TASK BRIEF » Drop all images. Then write out each line below exactly as given.

INFORMATION PROVIDED »
--- START ---

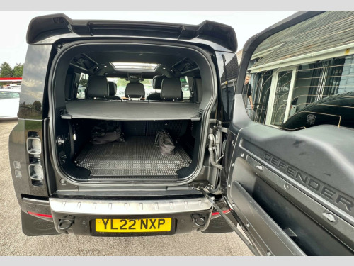 This 2022 Land Rover Defender 110 P400e X Dynamic HSE is a superb example, boasting a clear vehicle history check and having had only one owner. It features a powerful 2.0 litre petrol plug in hybrid engine, paired with a capable four wheel drive system, and meets Euro 6 emissions standards. The X Dynamic HSE trim level ensures a premium experience, enhanced by features such as Blind Spot Assist, Keyless Entry, a Heated Steering Wheel for those colder mornings, and striking Matrix LED Headlights with Signature Daytime Running Lights.The impressive acceleration of 0-60mph in just 5.4 seconds demonstrates the dynamic performance of this plug in hybrid, setting it apart from many other vehicles in its class. Furthermore, the 3D Surround Camera system, including 360 degree camera functionality and towbar integration, offers exceptional visibility and ease when manoeuvring or towing up to 3500 kg. The generous boot space also provides ample room for all your luggage or equipment, making this Defender 110 a practical and sophisticated choice. cure tracker pro, 20in alloy wheels - style 6011- 6 spoke - gloss black, 10in touchscreen, 12v socket in loadspace, 14-way heated and cooled electric memory front seats with 4-way manual headrests, 2-zone automatic climate control, 20in alloy wheels - style 5098 - 5 spoke - satin dark grey, 20in full size spare wheel, 360 degree parking aid, 3d surround camera, 40-20-40 folding rear seats with centre armrest, abs - anti lock braking system, acc - adaptive cruise control, adaptive dynamics, air quality sensor, airbags - driver, airbags - front passenger, all season tyres, alpine lights, android auto, apple carplay, assisted tailgate with soft close, auto-dimming interior rear view mirror, automatic headlight levelling, automatic headlights and rain sensing wipers, black exposed rear recovery eyes, black roof rails, blind spot assist, body coloured roof, brake hold, brake pad wear indicator, cbc - cornering brake control, cabin air ionisation, carpet mats, centre console with armrest, centre high mounted stop light, clear exit monitor, click and go integrated base unit, cross car beam in light grey powder coat brushed finish, customer configurable autolock, dsc - dynamic stability control, digital audio broadcast radio - dab, driver condition monitor, durable rubber cabin flooring, durable rubber loadspace flooring, eba - emergency brake assist, ebd - electronic brake-force distribution, epas - electric power assisted steering, etc - electronic traction control, electric cabin pre-conditioning, electric parking brake, electric windows with one-touch open-close and anti-trap, electrically adjustable steering column, electronic air suspension, emergency braking, extended leather upgrade, follow me home lighting, footwell lights - front, front airbags with passenger seat occupant detector, front fog lights, front passenger seat isofix, glovebox storage, hdc - hill descent control, headlining - ebony morzine, heated electric power fold door mirrors with approach lights and auto-dimming driver side, heated rear window with timer, heated steering wheel, heated windscreen, hill launch assist, illuminated metal treadplates with brand-name script, interactive driver display, intrusion sensor, keyless entry, led tail lights, less wireless charger, lane keep assist, leather gearshift, leather steering wheel, loadspace cover, loadspace hooks, locking wheel nuts, low traction launch, matrix led headlights with signature drl, meridian sound system, non smokers pack, online pack with data plan, overhead stowage for sunglasses, p400e badge, pivi pro - connected, power operated child locks, premium cabin lighting, privacy glass, public charging cable, puddle lights, push button start, rsc - roll stability control, rear collision monitor, rear fog lights, rear isofix, rear reading lights, rear traffic monitor, rear wash wiper, remote, seat belt reminder, seats - rear centre head restraint, secure tracker (12 month subscription from new), side-hinged tailgate, signature graphic - with interior storage, sliding panoramic roof, solar attenuating windscreen, sun visors - illuminated vanity mirrors, tpms - tyre pressure monitoring system, tsa - trailer stability assist, terrain response, three-zone climate control, traffic sign recognition and adaptive speed limiter, trip computer, twin front cupholders with cover, twin speed transfer box - high-low range, wade sensing, x-dynamic badge, x-dynamic exterior pack
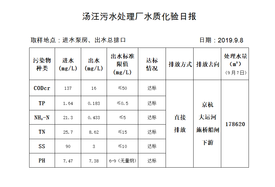 汤汪污水处理厂水质化验日报(2019.9.8)
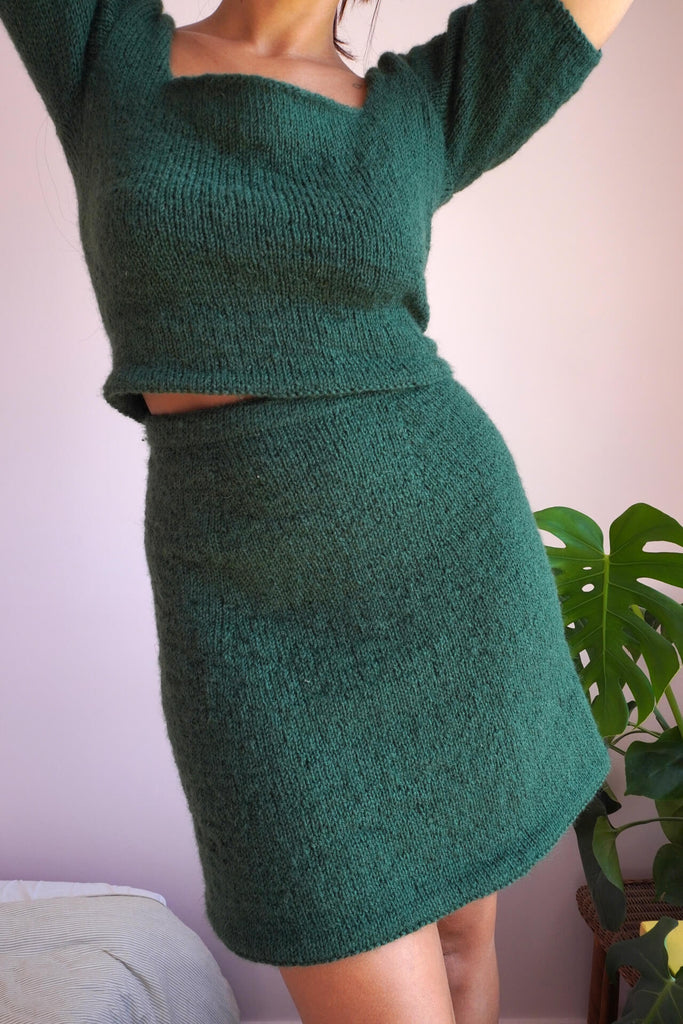 Sizes 0 (1) 2 (3) 4 are designed to fit a waist circumference of 58-63 (64-68) 69-74 (75-79) 80-85 cm [22¾-24¾ (25¼-26¾) 27¼-29¼ (29½-31) 31½-33½ inches] and a hips circumference of 86-91 (92-97) 98-102 (103-108) 109-114 cm [33¾-35¾ (36¼-38¼) 38½-40¼ (40½-42½) 43-44¾ inches]. For reference, the green skirt in the photo was knitted in size 2.
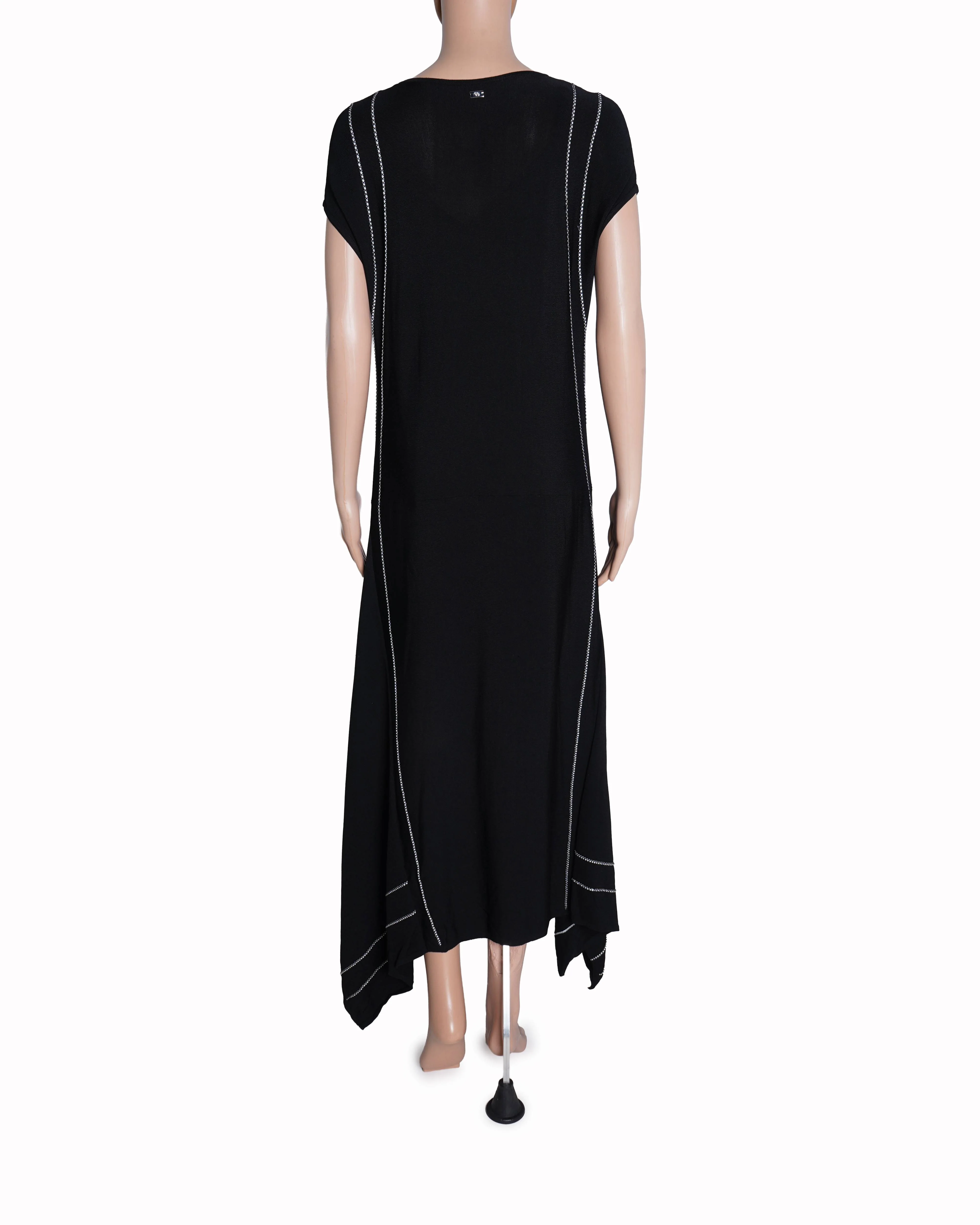 Escada Women's Black Dress is a sophisticated example of modern tailoring, blending a minimalist aesthetic with unique structural details. This midi-length garment is rendered in a deep black hue, offering a versatile foundation for both professional and evening wardrobes. A standout design element is the delicate white contrast topstitching or piping that traces the vertical seams of the bodice and defines the hem of the flared sections.

--- END ---

OUTPUT BELOW »
 This 2022 Land Rover Defender 110 P400e X Dynamic HSE is a superb example, boasting a clear vehicle history check and having had only one owner. It features a powerful 2.0 litre petrol plug in hybrid engine, paired with a capable four wheel drive system, and meets Euro 6 emissions standards. The X Dynamic HSE trim level ensures a premium experience, enhanced by features such as Blind Spot Assist, Keyless Entry, a Heated Steering Wheel for those colder mornings, and striking Matrix LED Headlights with Signature Daytime Running Lights.The impressive acceleration of 0-60mph in just 5.4 seconds demonstrates the dynamic performance of this plug in hybrid, setting it apart from many other vehicles in its class. Furthermore, the 3D Surround Camera system, including 360 degree camera functionality and towbar integration, offers exceptional visibility and ease when manoeuvring or towing up to 3500 kg. The generous boot space also provides ample room for all your luggage or equipment, making this Defender 110 a practical and sophisticated choice. cure tracker pro, 20in alloy wheels - style 6011- 6 spoke - gloss black, 10in touchscreen, 12v socket in loadspace, 14-way heated and cooled electric memory front seats with 4-way manual headrests, 2-zone automatic climate control, 20in alloy wheels - style 5098 - 5 spoke - satin dark grey, 20in full size spare wheel, 360 degree parking aid, 3d surround camera, 40-20-40 folding rear seats with centre armrest, abs - anti lock braking system, acc - adaptive cruise control, adaptive dynamics, air quality sensor, airbags - driver, airbags - front passenger, all season tyres, alpine lights, android auto, apple carplay, assisted tailgate with soft close, auto-dimming interior rear view mirror, automatic headlight levelling, automatic headlights and rain sensing wipers, black exposed rear recovery eyes, black roof rails, blind spot assist, body coloured roof, brake hold, brake pad wear indicator, cbc - cornering brake control, cabin air ionisation, carpet mats, centre console with armrest, centre high mounted stop light, clear exit monitor, click and go integrated base unit, cross car beam in light grey powder coat brushed finish, customer configurable autolock, dsc - dynamic stability control, digital audio broadcast radio - dab, driver condition monitor, durable rubber cabin flooring, durable rubber loadspace flooring, eba - emergency brake assist, ebd - electronic brake-force distribution, epas - electric power assisted steering, etc - electronic traction control, electric cabin pre-conditioning, electric parking brake, electric windows with one-touch open-close and anti-trap, electrically adjustable steering column, electronic air suspension, emergency braking, extended leather upgrade, follow me home lighting, footwell lights - front, front airbags with passenger seat occupant detector, front fog lights, front passenger seat isofix, glovebox storage, hdc - hill descent control, headlining - ebony morzine, heated electric power fold door mirrors with approach lights and auto-dimming driver side, heated rear window with timer, heated steering wheel, heated windscreen, hill launch assist, illuminated metal treadplates with brand-name script, interactive driver display, intrusion sensor, keyless entry, led tail lights, less wireless charger, lane keep assist, leather gearshift, leather steering wheel, loadspace cover, loadspace hooks, locking wheel nuts, low traction launch, matrix led headlights with signature drl, meridian sound system, non smokers pack, online pack with data plan, overhead stowage for sunglasses, p400e badge, pivi pro - connected, power operated child locks, premium cabin lighting, privacy glass, public charging cable, puddle lights, push button start, rsc - roll stability control, rear collision monitor, rear fog lights, rear isofix, rear reading lights, rear traffic monitor, rear wash wiper, remote, seat belt reminder, seats - rear centre head restraint, secure tracker (12 month subscription from new), side-hinged tailgate, signature graphic - with interior storage, sliding panoramic roof, solar attenuating windscreen, sun visors - illuminated vanity mirrors, tpms - tyre pressure monitoring system, tsa - trailer stability assist, terrain response, three-zone climate control, traffic sign recognition and adaptive speed limiter, trip computer, twin front cupholders with cover, twin speed transfer box - high-low range, wade sensing, x-dynamic badge, x-dynamic exterior pack
 汤汪污水处理厂水质化验日报(2019.9.8)
 Sizes 0 (1) 2 (3) 4 are designed to fit a waist circumference of 58-63 (64-68) 69-74 (75-79) 80-85 cm [22¾-24¾ (25¼-26¾) 27¼-29¼ (29½-31) 31½-33½ inches] and a hips circumference of 86-91 (92-97) 98-102 (103-108) 109-114 cm [33¾-35¾ (36¼-38¼) 38½-40¼ (40½-42½) 43-44¾ inches]. For reference, the green skirt in the photo was knitted in size 2.
 Escada Women's Black Dress is a sophisticated example of modern tailoring, blending a minimalist aesthetic with unique structural details. This midi-length garment is rendered in a deep black hue, offering a versatile foundation for both professional and evening wardrobes. A standout design element is the delicate white contrast topstitching or piping that traces the vertical seams of the bodice and defines the hem of the flared sections.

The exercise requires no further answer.